The above, I was expecting to print in streaming way. That means buffer for every 5 seconds and then count and then print. It only prints once press Ctrl+c on command prompt i.e. it prints and then exits
It seems you don't have keys in your input data (correct me if this is wrong), and it further seems, that you want to do global aggregation?
In general, grouping is for splitting a stream into sub-streams. Those sub-streams are build by key (ie, one logical sub-stream per key). You set your timestamp as key in your code snippet an thus generate a sub-stream per timestamps. I assume this is not intended.
If you want to go a global aggregation, you will need to map all record to a single substream, ie, assign the same key to all records in groupBy(). Note, that global aggregations don't scale as the aggregation must be computed by a single thread. Thus, this will only work for small workloads.
Windowing is applied to each generated sub-stream to build the windows, and the aggregation is computed per window. The windows are build base on the timestamp returned by the Timestamp extractor. It seems you have an implementation that extracts the timestamp for the value for this purpose already.
This code does not print anything even though the topic is generating messages every two seconds. When I press Ctrl+C then it prints something like
By default, Kafka Streams uses some internal caching and the cache will be flushed on commit -- this happens every 30 seconds by default, or when you stop your application. You would need to disable caching to see result earlier (cf. https://docs.confluent.io/current/streams/developer-guide/memory-mgmt.html)
Why do you need to pass serializer/deserializer to group by.
Because data needs to be redistributed and this happens via a topic in Kafka. Note, that Kafka Streams is build for a distributed setup, with multiple instances of the same application running in parallel to scale out horizontally.
Btw: we might also be interesting in this blog post about the execution model of Kafka Streams: https://www.confluent.io/blog/watermarks-tables-event-time-dataflow-model/
It seems like you misunderstand the nature of window DSL.

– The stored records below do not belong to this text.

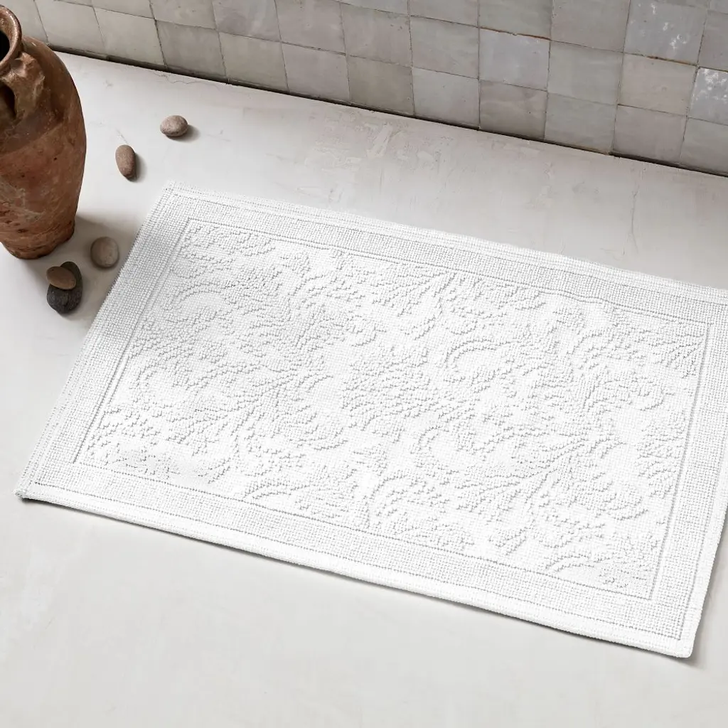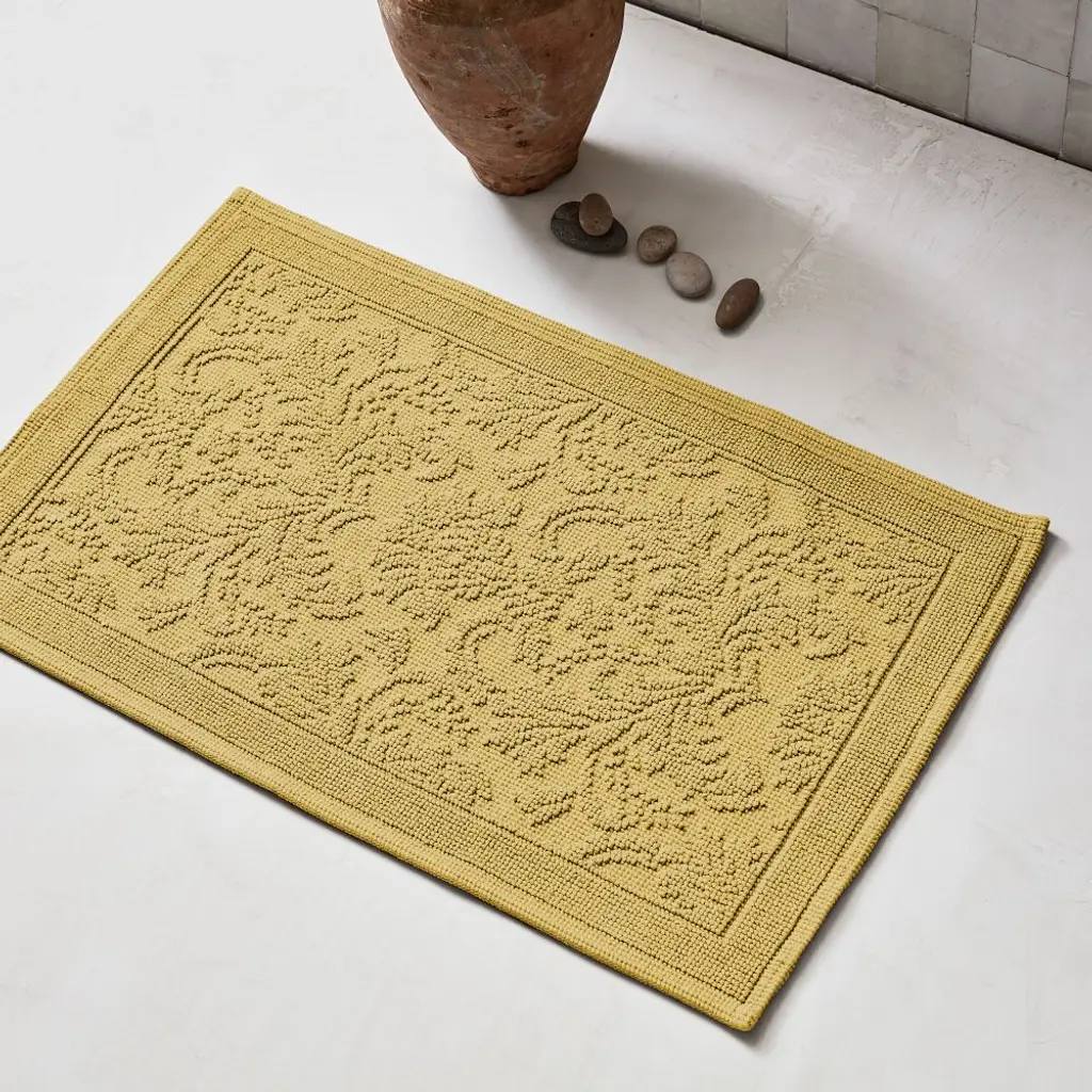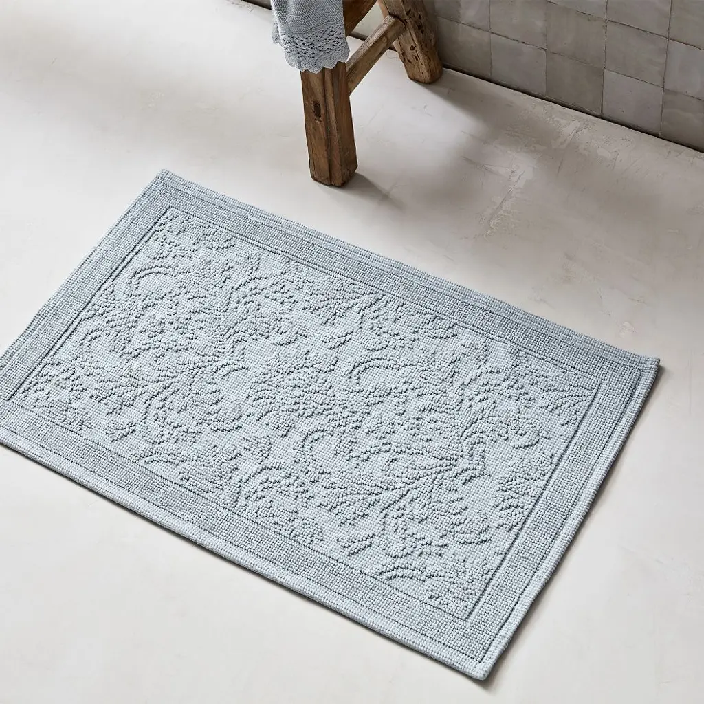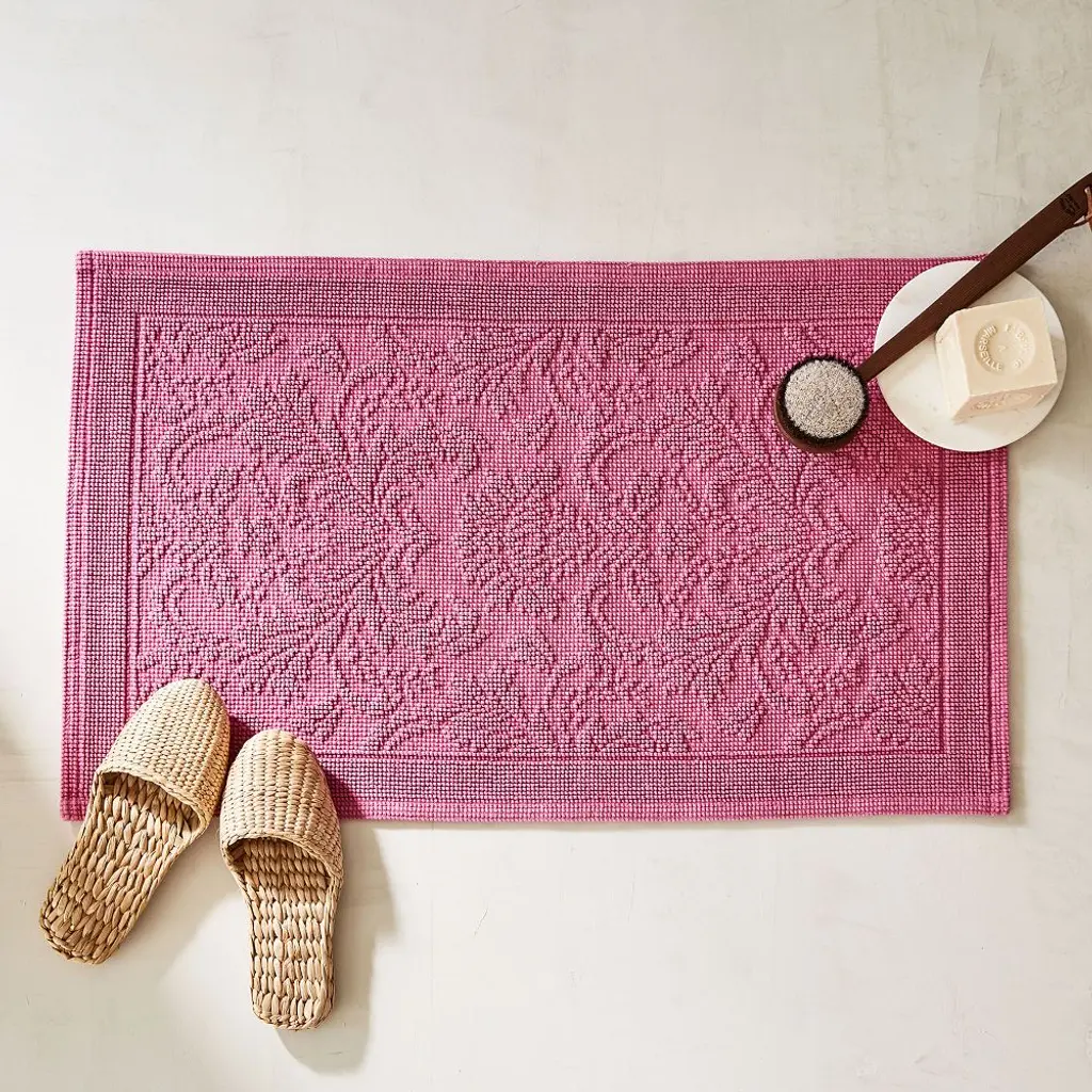 Little luxuries make all the difference. Woven with quiet details, like a tufted border and floral pattern, this OEKO TEX® certfied bath mat adds a layer of soft, calm color wherever it lays.
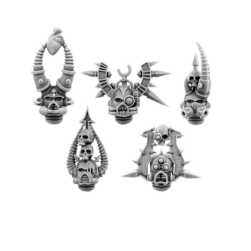 Five heads for Chaos Space Warriors miniatures in heroic scale
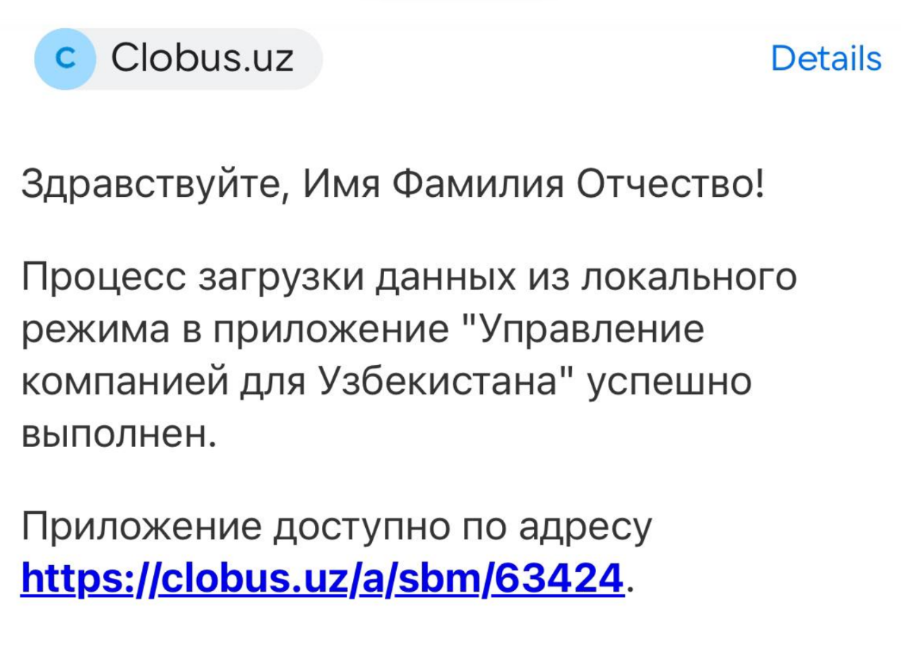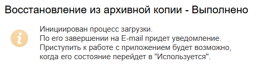 По окончании создания приложения из резервной копии на электронный адрес пользователя будет отправлено письмо с уведомлением.
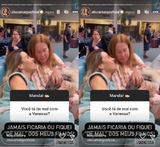 A influenciadora digital Zilu Godoi abriu a famosa caixinha de perguntas no Instagram, na manhã desta quinta-feira (15), e respondeu às dúvidas dos seguidores. Uma fã da socialite questionou se a famosa estaria brigada com Wanessa, então a ex-mulher de Zezé di Camargo respondeu.

It works for internal message timestamps handled by kafka platform, not for arbitrary properties in your specific message type that encode time information. Also, this window does not group into intervals - it is a sliding window. It means any aggregation you get is for the last 5 seconds before the current message.
Also, you need the same key for all group elements to be combined into the same group, for example, null. In your example key is a timestamp which is kind of entry-unique, so there will be only a single element in a group.
Related
I want to filter out duplicates in Flink from an infinite DataStream. I know the duplicates arise only in a small time window (max 10 seconds). I found a promising approach that is pretty simple here. But it doesn't work. It uses a keyed DataStream and returns only the first message of every window.
This is my window code:
DataStream<Row> outputStream = inputStream
.keyBy(new MyKeySelector())
.window(SlidingProcessingTimeWindows.of(Time.seconds(10), Time.minutes(5)))
.process(new DuplicateFilter());
MyKeySelector()is just a class to select the first two attributes of the Row message as the key. This key works as a primary key and causes that only messages with same key are assigned to the same window (classic keyed stream behaviour).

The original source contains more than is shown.